## Proof of the existence of an optimal code

This is another piece of extended “working out” based on Information and Coding Theory: essentially a note to demonstrate to myself I have followed one of the proofs in the book (and one that gave me some difficulty until the obviousness of it struck on the Tube this morning).

We know from McMillian’s inequality that a code, $C$ exists with an alphabet $T$ with average length $L(C)$.

To show there is an optimal code, $D$, we need to show that there are finite number of codes such that $L(D) \leq L(C)$.

If the source $S$ has words $s_1, s_2, ..., s_i$ each of probability $p_1, p_2, ..., p_i$ (each non-zero), then we let $p = min(p_1, p_2, ..., p_i)$.

Then, for an optimal code $D$, with words $w_1, w_2, ..., w_i$ of lengths $l_1, l_2, ..., l_i$, each $l_q$ of $D$ must satisfy $l_q \leq \frac{L(C)}{p}$ for $q = 1 ... i$ (this is the bit I did not grasp).

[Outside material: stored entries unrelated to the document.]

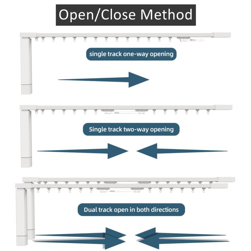 - With 1Meter DIY Tracks: 0.5m*1+0.2m*2+0.1m*1, Packed with all-in-one curtain system. (No curtain fabric is included) Set the schedule previously via App, the curtain will be open and closed automatically.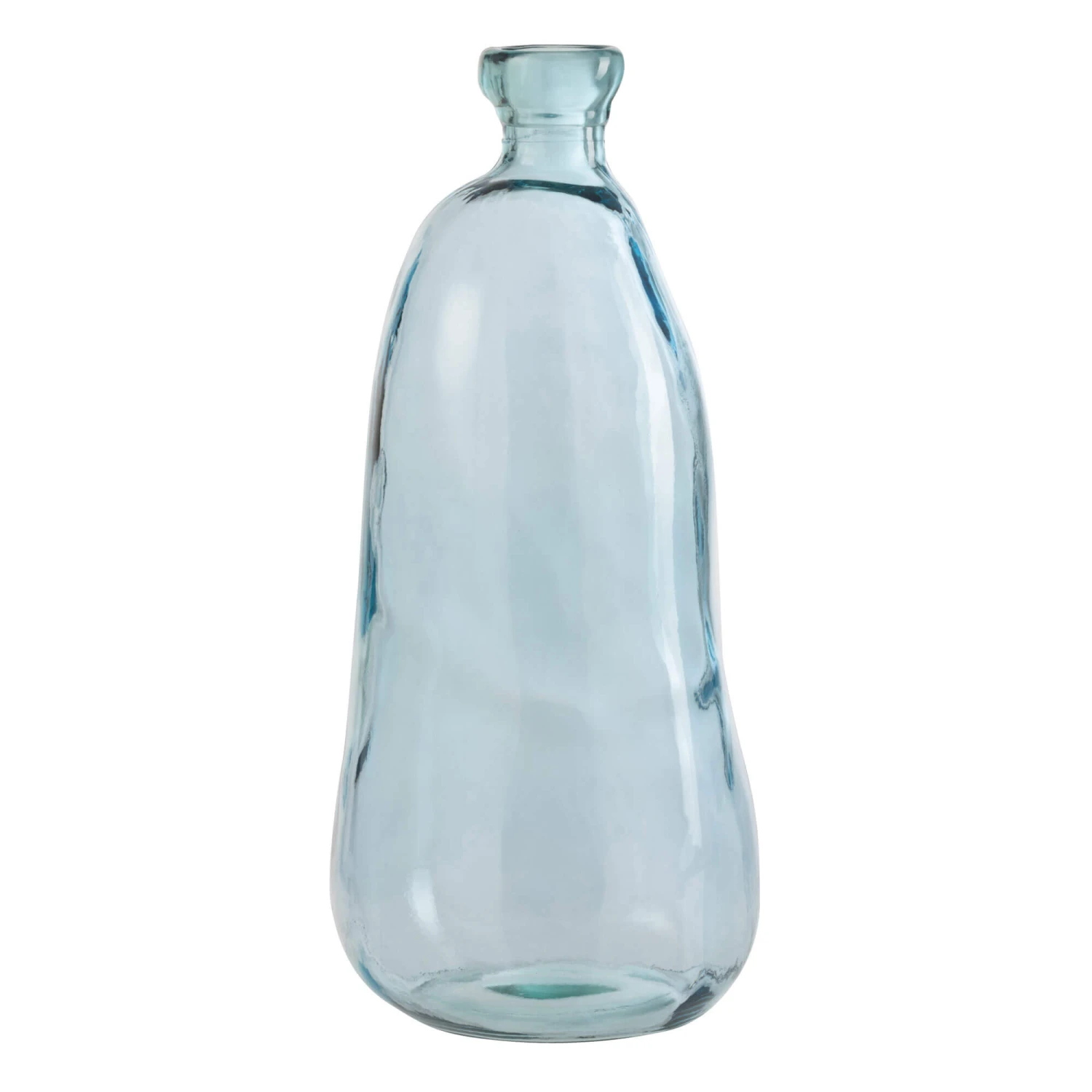 The Olivia Light Blue Glass Vase has a narrow opening top with an irregular shape for extra detail making a beautiful accessory in your home.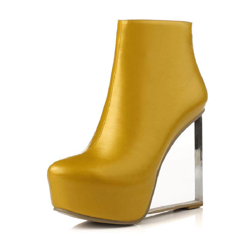 Hate Sky High 13CM Short Boots Woman Dermis heel Waterproof Bench short cylinder Martin boots Autumn winter coarse heel Bull Leather Single Shoes Naked Boots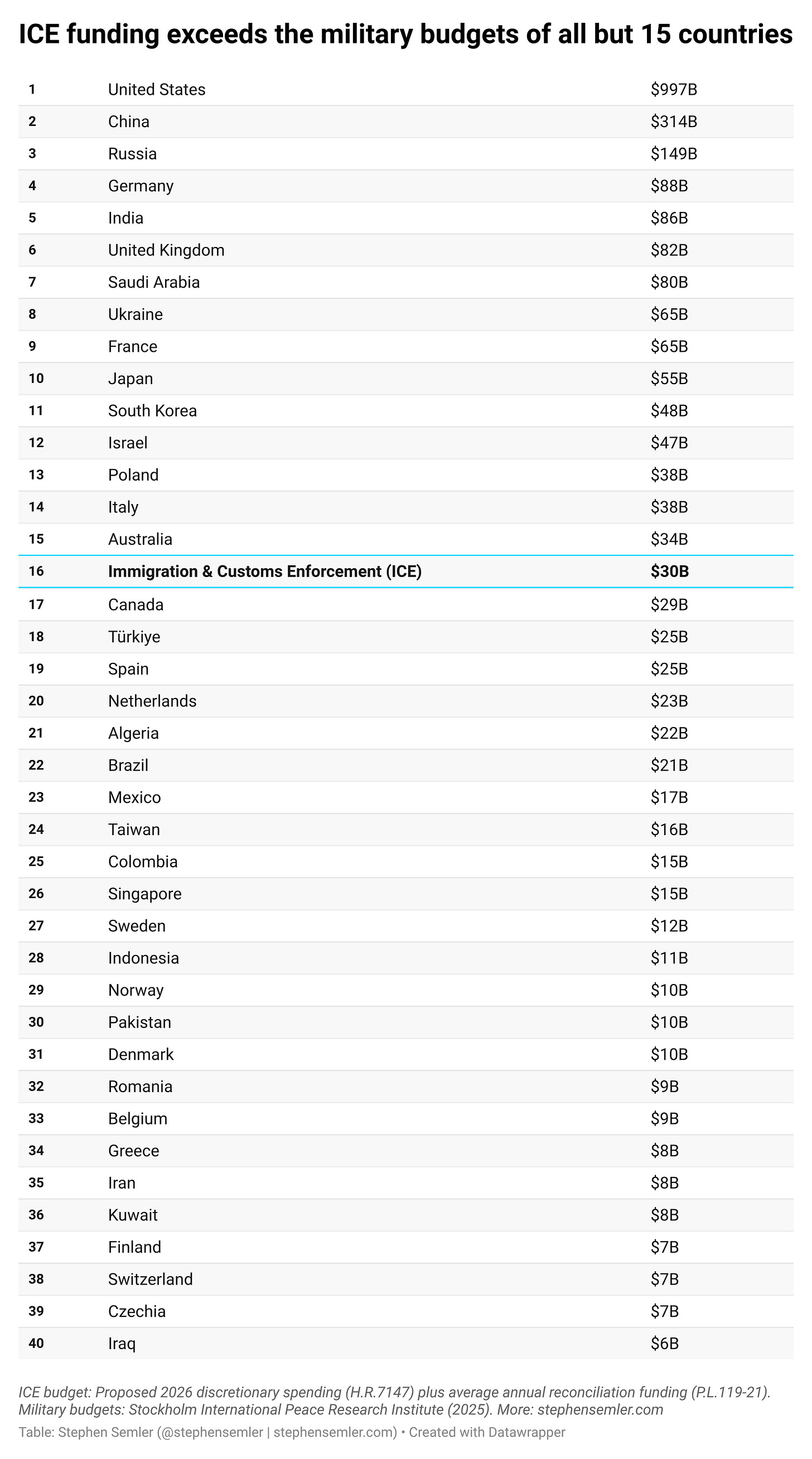^Alt text for screen readers: ICE funding exceeds the military budgets of all but 15 countries. This table ranks the proposed $30 billion ICE budget for 2026 among the largest military budgets worldwide. It has 3 columns — ranking, military or agency, and funding — and 40 rows, 39 of which are country military budgets and 1 is the ICE budget. ICE is ranked 16th, larger than the military budgets of countries including Canada, Spain, Brazil, Mexico, Sweden, Iran, and Switzerland. The ICE budget refers to the proposed 2026 discretionary spending in H.R.7147 plus average annual reconciliation funding in P.L.119-21. Military budgets are sourced from the Stockholm International Peace Research Institute.

Why? Well here’s a proof by contradiction…

If the above was not true then $l_q > \frac{L(C)}{p}$, multiplying both sides by $p$ we have $pl_q > p \frac{L(C)}{p} = L(C)$.

ButÂ  as ($p$ being the probability of the longest word in $D$), $L(D) = p_1l_1 + p_2l_2 + ... + pl_i$ then $L(D) > L(C)$ as $pl_i > L(C)$.

Now there can only be a finite number of words $w \in T^+$ such that $\mid w \mid \leq \frac {L(C)}{p}$ so there may only be a finite number of codes where $L(D) \leq L(C)$.